The Houses October Built

At some point, the stereotypical response to horror movie plots of ‘why don’t these people just turn around and leave?’ becomes more and more logical.

And it becomes harder and harder to take a movie seriously, especially when ‘you know what, this isn’t frakking worth it or enjoyable anymore’ becomes so much more intelligent and, well, safe, than continuing forward does. It’s sort of like the people who ignore all the posted warning signs and then want sympathy for their injuries.

Sorry guys, but no.

That’s my main issue with this film. I can handle found footage, though I am beginning to mentally deduct points for the subgenre; I admit that’s my bias but I find that a lot of movies use it as a short cut to actually, you know, working on character development and plot.

What I can’t handle is the fact that there are piles and piles of points where the whole thing could have been avoided with just a hey, you know what, this is getting a little too real and we should probably leave before we find ourselves in the ultimate torture pron film.

But of course they don’t.

The Houses October Built centers on a group of friends chasing after the ultimate scare house-the house that is literally so scary it has to travel to avoid being shut down, often by force. They hop in their RV and start traveling around America, chasing a scare attraction that frankly may not even exist. They might be chasing after an urban legend.

Things start shifting away from the actually fairly safe scares of the haunts and the occasional run in with the scare crews to a place where the scares have become their life.

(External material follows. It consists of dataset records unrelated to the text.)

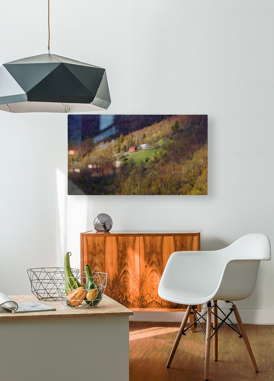 Get this artwork "Farm on fjord Norway" in a framed print.
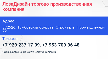ЛозаДизайн, торгово-производственная компания по адресу 392526, Тамбовская область, Строитель, Промышленная, 72 в дальнейшем Организация, размещена в следующих категориях:
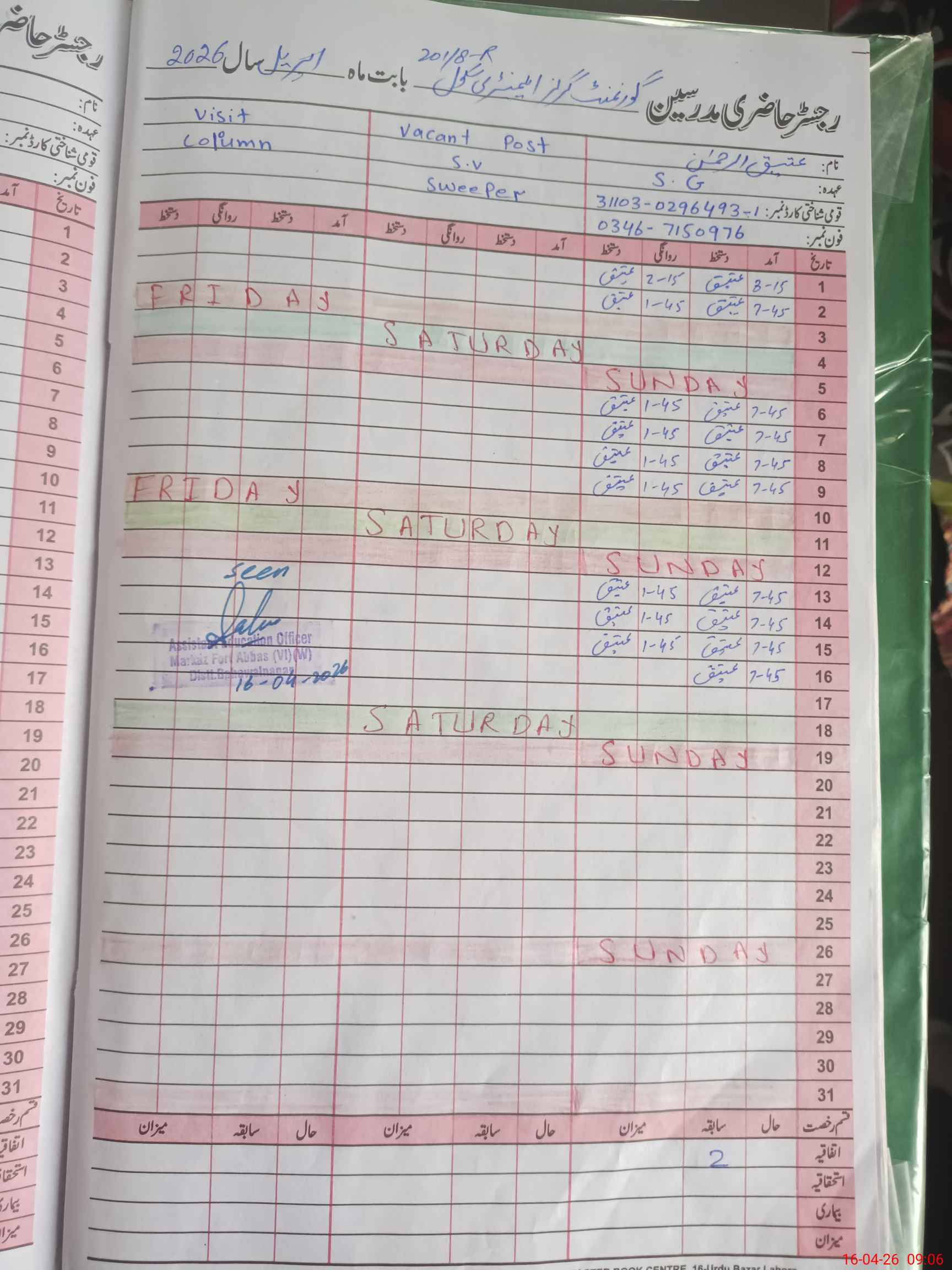 | Name: SA**** AL**** Designation: (School Headmaster's/Headmistress's) S.S.T.(Arts) Phone/Cell Number: 03**** |
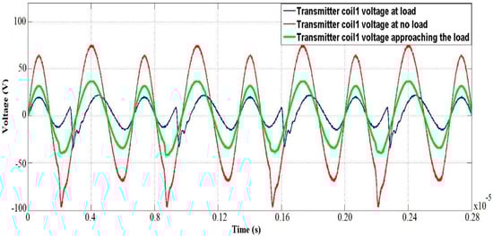 Transmitting coil 1 voltage under wireless power transmission. (For case scenario in Figure 13).
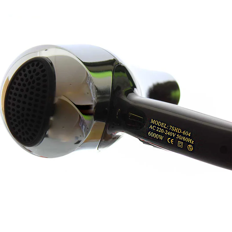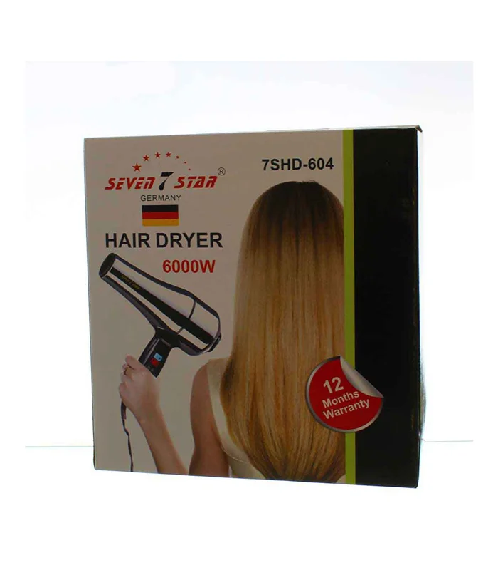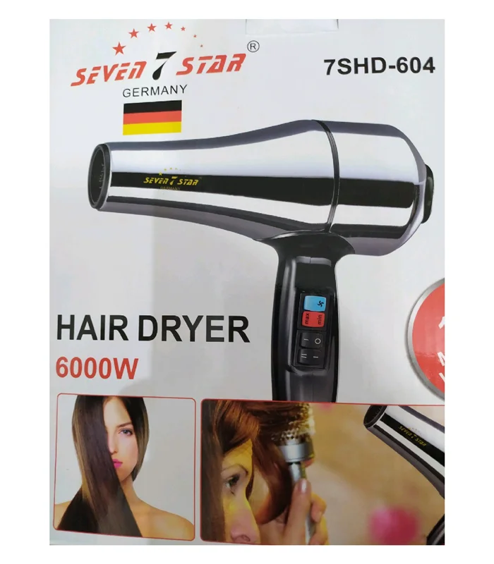 سشوار حرفه ای و تمام استیل سون استار مدل 7SHD-604 مورد تایید استاندارد اروپا (CE) ، یکی از سشوارهای با کیفیت این شرکت محسوب می شود که باموتور پرقدرت AC و توان 6000W وات قادر است موها را به سهولت خشک کند و حالت دهد. همچنین این دستگاه دارای 2 سرعت و 3 حالت دمای قابل تنظیم (خنک ، ملایم و گرم) می باشد که برروی دسته سشوار به طور جداگانه توسط 2 دکمه بسیار مقاوم تعبیه شده اند بنابراین به سهولت می توان با توجه به مدل مو از انها استفاده کرد.
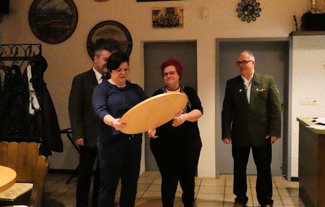 Nach diesem Appell an die Anwesenden startete der angenehme Teil des Abends, mit der Vorspeise des 3. Gänge-Menü, welches auch dieses Jahr wieder von unserer Köchin Annett Müller zubereitet wurde. Mit Hilfe von einigen Helfern, welche wie jedes Jahr die Dekoration des Schützenhauses übernahmen. Die Vorspeise wurde den Anwesenden an den Tisch serviert. Danach wurden die Gewinner der Scheiben bekanntgegeben:
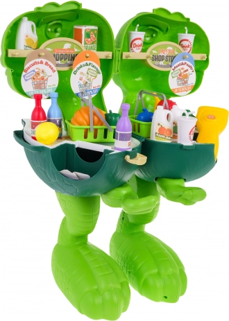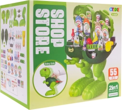 Le dinosaure sert de boîte de rangement pour tous les mini-aliments et accessoires de boutique, garantissant de l’ordre après le jeu.
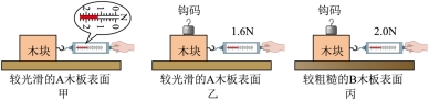 (2)图为小明做实验时的情景,用弹簧测力计水平拉着木块沿水平长木板做匀速直线运动,根据_______知识,可知木块受到的滑动摩擦力大小等于弹簧测力计拉力的大小。甲实验中,木块受到的滑动摩擦力大小为_______N。

And this is where the film lost me (though I honestly didn’t have that much invested in the characters in the first place). Because if you have what amounts to a house on wheels, you just nope it out of there and go home.

I think a deeper level of characterization would have helped to save this film for me; as it is, I don’t care enough about these people to see them as anything more than a bunch of adrenaline junkies throwing themselves into the line of fire. And it just wasn’t that interesting of a ride for me to go on with them. The inevitable (and stale) gender politics didn’t help either-it’s 2015, guys, the token pretty girl thing is a little obvious at this point and the [minor spoilers] ‘we have to save her! Don’t let her out of your sight!’ route is a little painful.

But you know, not painful enough to actually go. home.

I know I’m being harsh on this one. But unfortunately this film just throws all of my least favorite things about the found footage genre into a pile and dances on it.




  1. You know, I really want to like found footage movies. I saw the Blair Witch Project in the theater when it came out, and liked it all right. Chronicle is really good and I’ve recommended it to a lot of people. But then you get Chernobyl Diaries. And the sequel to Blair Witch. And Cloverfield, which maybe my hopes were too high for?

    But my problem with movies, in general, is “aren’t people smarter than this”? So it goes doubly with found footage flicks, which are supposed to be more immersive (I think); because yeah, I’m smarter than that. I don’t [insert horror trope here], because NORMAL PEOPLE DON”T DO THAT (not to say I’m normal, per se; just more normal than dumb people in a horror movie?).

    1. I just couldn’t suspend disbelief with this film enough to get over the voice in the back of my head saying ‘get in your RV, turn around, go home. Normal people wouldn’t sit around going, all this horrible stuff is happening. Let’s just keep driving forward.’